STATEMENTS OF CASH FLOWS
For The Years Ended September 30, 2000 and 1999
2000 1999
------- -------
Increase (Decrease) in Cash and Cash Equivalents:
Cash flows from operating activities:
Cash received from customers $ -- $ --
Cash paid to suppliers (6,826) (315)
------- -------
Net cash used by operating activities (6,826) (315)
------- -------
Cash flows from financing activities:
Proceeds from Notes Payable Related Party 7,700 --
------- -------
Net cash provided by financing activities 7,700 --
------- -------
Net increase (decrease) in cash and cash equivalents 874 (315)

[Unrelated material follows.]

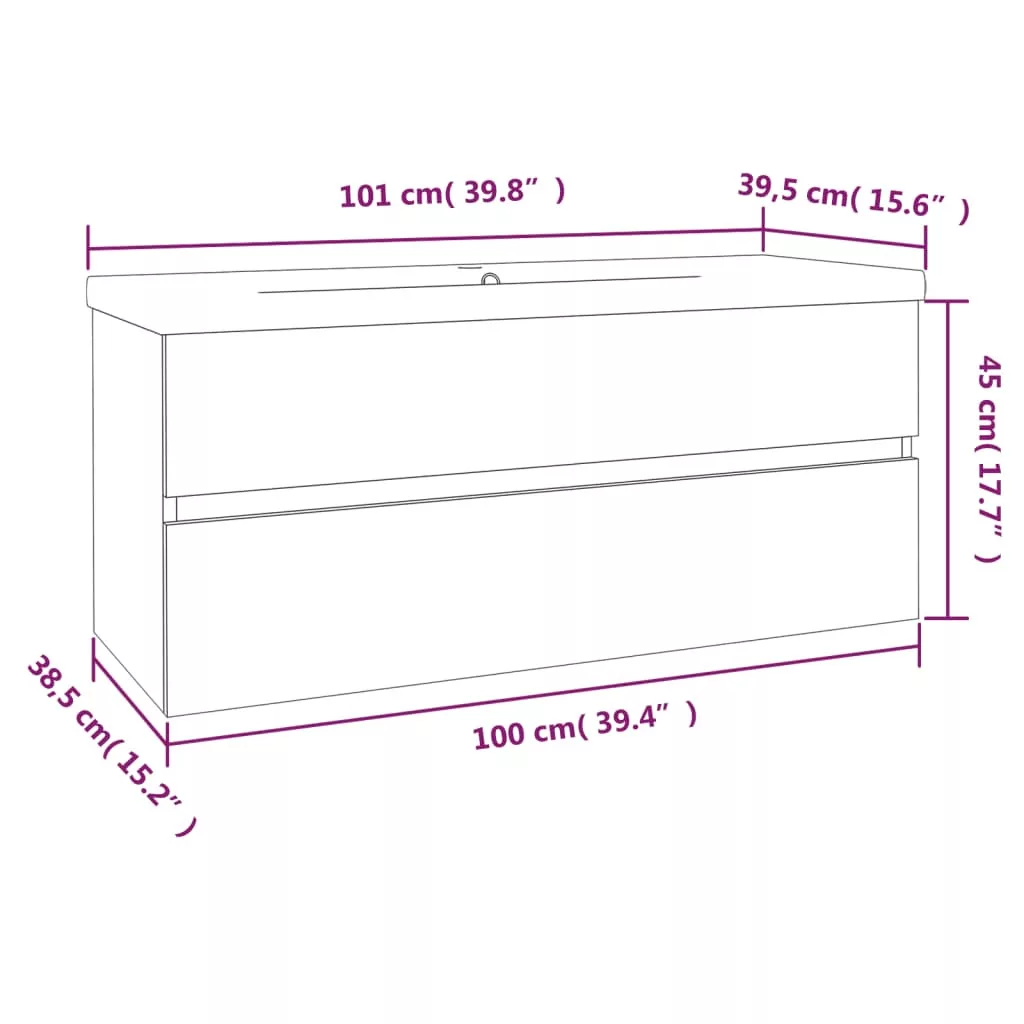 Ez a tágas tárolórésszel rendelkező, stílusos mosdószekrény beépített mosdóval fürdőszobája nagyszerű kiegészítője lesz, rendezett és lenyűgöző megjelenést kölcsönözve neki! Masszív anyag: A mosdó alatti szekrény szerelt fából készült, ami kivételes minőségű, sima felületű, szilárd, stabil, és ellenáll a nedvességnek.Bőséges tárolóhely: A fürdőszobai mosdóegység egy fiókkal rendelkezik, amely bőséges helyet biztosít a fürdőszobában lévő holmik tárolására.Praktikus kialakítás: A fürdőszobaszekrény teteje ideális a mosdókagyló elhelyezésére.Falra szerelhető: A fürdőszobaszekrény falra szerelhető, így extra tárolóhelyet biztosít. Ezáltal maximalizálhatja az alapterületet, és tisztán tarthatja a környezetét.Túlfolyófunkció: Túlfolyóval is rendelkezik, hogy kifolyjon a víz, ha a mosdó túlságosan megtelik. Megjegyzés:A falon belüli csavar(ok) és dugó(k) nem alaptartozékok. Keressen és használjon a falának megfelelő csavar(oka)t és dugó(ka)t. Ha bizonytalan, kérje szakember tanácsát. Gondosan olvassa el és kövesse a használati utasítás minden lépését.Figyelem: a szállítás a csapot és a lefolyót nem tartalmazza.Az egyszerű összeszerelés érdekében minden termékhez mellékelünk összeszerelési útmutatót. A gyermekeket felügyelni kell, hogy ne játszhassanak az eszközzel. Tartsd távol a gyermekeket a szerelési területtől. Figyelem: Olvasd el alaposan az utasításokat használat előtt, és tartsd meg későbbi hivatkozásra.

Cash and cash equivalents at beginning of year 88 403
------- -------
Cash and cash equivalents at end of year $ 962 $ 88
======= =======
Reconciliation of Net Loss to Net Cash Used
by Operating Activities:
Net Loss $(7,901) $ (315)
Adjustments to reconcile net loss to net cash
used by operating activities:
Change in Assets and Liabilities:
Accounts payable $ 1,075 $ --
------- -------
Net cash used by operating activities $(6,826) $ --
======= =======
The Accompanying Notes are an Integral Part of the Financial Statements
F-5
<PAGE>
CREATIVE VISTAS, INC.
NOTES TO FINANCIAL STATEMENTS
1. Summary of Significant Accounting Policies, Nature of Operations and Use of
Estimates:
Operations:
Creative Vistas, Inc., formerly known as Vista Financial Services, Inc., is
a Corporation which was duly formed and organized under the laws of the
State of Arizona on July 18, 1983. The principal business purpose of the
Company was to conduct secondary market mortgage loan brokerage operations
and consulting in the southwestern region of the United States. The Company
has been essentially dormant since approximately December, 1996 after
filing for protection from creditors under Chapter 11 of the U.S.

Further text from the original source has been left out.